As ameaças de Valdemar parecem ter começado a surtir efeito na semana passada. O Planalto já orientou ministros para que trabalhem com o objetivo de esfriar o assunto da mídia. Assim, na quinta-feira 21, o ministro das Comunicações, Paulo Bernardo, saiu a campo para relativizar as denúncias. Segundo ele, o orçamento bilionário de um órgão como o Dnit é que o tornaria vulnerável. “Supor que não haverá nenhum problema é uma coisa quase impossível”, disse o ministro. Até agora, a Polícia Federal não foi acionada. O ministro da Justiça, José Eduardo Cardozo, diz que vai esperar o parecer da CGU, embora a PF tenha autonomia.

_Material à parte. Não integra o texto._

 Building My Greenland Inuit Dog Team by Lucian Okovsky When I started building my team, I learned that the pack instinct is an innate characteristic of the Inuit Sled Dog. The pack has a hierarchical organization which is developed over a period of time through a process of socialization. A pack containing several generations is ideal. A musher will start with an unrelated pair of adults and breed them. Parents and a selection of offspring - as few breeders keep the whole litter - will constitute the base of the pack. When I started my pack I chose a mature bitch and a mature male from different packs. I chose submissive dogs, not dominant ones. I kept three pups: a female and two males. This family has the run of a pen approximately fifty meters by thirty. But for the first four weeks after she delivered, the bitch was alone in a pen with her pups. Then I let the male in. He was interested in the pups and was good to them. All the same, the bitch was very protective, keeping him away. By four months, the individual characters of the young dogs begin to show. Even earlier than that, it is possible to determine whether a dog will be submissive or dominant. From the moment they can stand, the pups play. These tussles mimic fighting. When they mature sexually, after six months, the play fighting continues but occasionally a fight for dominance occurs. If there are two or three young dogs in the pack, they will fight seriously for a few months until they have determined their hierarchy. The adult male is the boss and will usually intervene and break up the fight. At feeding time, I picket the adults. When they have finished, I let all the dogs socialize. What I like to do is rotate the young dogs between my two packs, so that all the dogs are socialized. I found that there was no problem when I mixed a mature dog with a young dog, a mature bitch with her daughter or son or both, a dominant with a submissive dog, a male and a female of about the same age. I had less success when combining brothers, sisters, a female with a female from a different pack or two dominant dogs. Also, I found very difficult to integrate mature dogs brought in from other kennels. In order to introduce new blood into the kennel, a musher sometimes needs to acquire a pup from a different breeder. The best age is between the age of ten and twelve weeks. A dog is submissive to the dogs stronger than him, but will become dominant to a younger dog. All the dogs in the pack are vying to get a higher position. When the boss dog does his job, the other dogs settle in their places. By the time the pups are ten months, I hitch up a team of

O Planalto não tem intenção de azedar ainda mais a relação com o comandante do PR. Mais que os votos sob seu controle no Congresso, Valdemar Costa Neto interessa ao PT por conta do processo do mensalão. Ele e o deputado João Paulo Cunha são os únicos dos 36 réus com mandato parlamentar. Ou seja, são as únicas peças que fazem com que o processo do mensalão permaneça na órbita do Supremo Tribunal Federal. “Ninguém quer correr o risco de ser condenado”, afirma um cacique petista. Segundo ele, caso o processo avance nessa direção, Valdemar e Cunha, em comum acordo, renunciariam a seus mandatos, fazendo com que o mensalão volte à primeira instância e os crimes acabem prescrevendo. Valdemar é parceiro firme. Foi ele, em 2002, que articulou com José Dirceu e Delúbio Soares a indicação do empresário José Alencar como vice na chapa de Lula. Esse apoio não foi de graça. Custou, segundo admitiu o próprio deputado, R$ 10 milhões. Tudo pago com a intermedição do publicitário Marcos Valério, o que deu origem a boa parte das denúncias do mensalão.

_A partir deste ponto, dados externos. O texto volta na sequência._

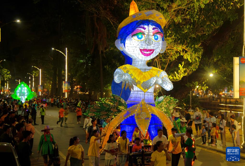 22日晚,一年(nian)一度的巨型(xing)彩燈裝置游(you)行(xing)在柬埔寨西北部暹粒市舉行(xing),吸(xi)引大(da)量(liang)游(you)客(ke)前來觀賞。

Valdemar é um homem acostumado desde cedo ao poder. Seu pai, Valdemar Costa Filho, administrou Mogi da Cruzes por quatro mandatos, com mão firme e revólver na cintura. Com a ajuda dos militares e das boas relações com Paulo Maluf patrocinou obras que consolidaram seu poder local. “O Boy foi criado no colo do Maluf”, diz Delmiro Gouveia, presidente do diretório municipal do PPS. Inteligente e pragmático, Valdemar Costa Neto não coleciona desafetos. Prefere colecionar bens e levar uma vida de rico. Tem predileção por cassinos no Exterior. Sua ex-mulher Maria Christina Mendes Caldeira, que se separou de Boy num rumoroso processo, lembra que ele era generoso em mesas de bacarat: mais de uma vez torrou US$ 500 mil no cassino do hotel Conrad, em Punta del Este, no Uruguai. “O esquema de jogo dele é muito pesado. É um negócio absurdo”, contou Maria Christina à ISTOÉ. Segundo ela, Valdemar faz questão de acertar suas contas em espécie, evitando cartões ou cheque. “Na casa em que morávamos existia um cofre enorme”, conta ela. Com um estilo de vida assim, é possível compreender por que um cargo formal de ministro só atrapalharia Valdemar. Do jeito dele, é bem melhor indicar amigos para cargos públicos que comandem cofres maiores que o de sua casa.